Problem. Exact copies of the lines from the line containing "Er wurde auch" through the last line of the entries below are the whole answer.

(Data for processing begins)

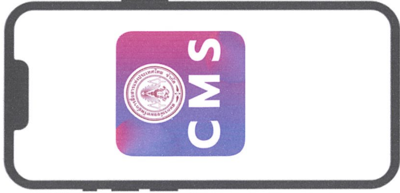
1.เข้าสู่ระบบแอปพลิเคชัน CMS
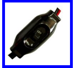
ขั้วหนีบและสวิตช์
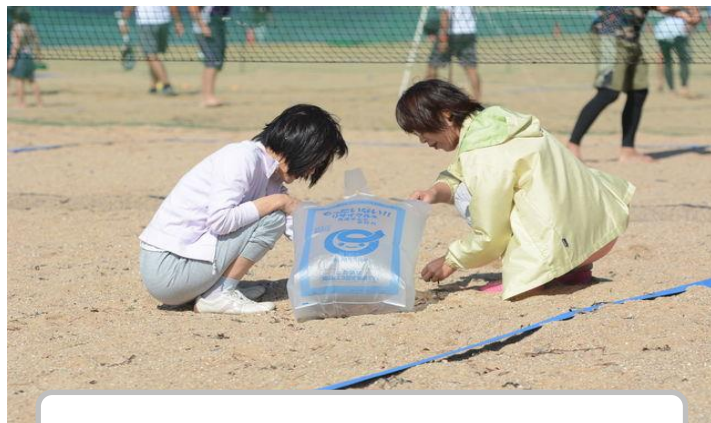
台風直撃により、たくさんのゴミが浜辺にあがりました。
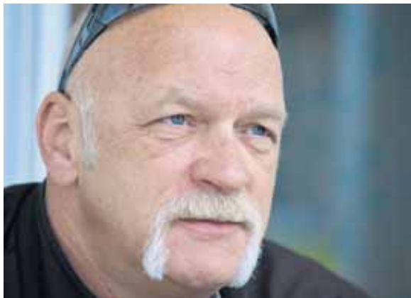
Er wurde auch schon mit US-Wrestler Hulk Hogan verwechselt.

Text: Simone Hubacher

(Data for processing ends)

Solution.
Er wurde auch schon mit US-Wrestler Hulk Hogan verwechselt.

Text: Simone Hubacher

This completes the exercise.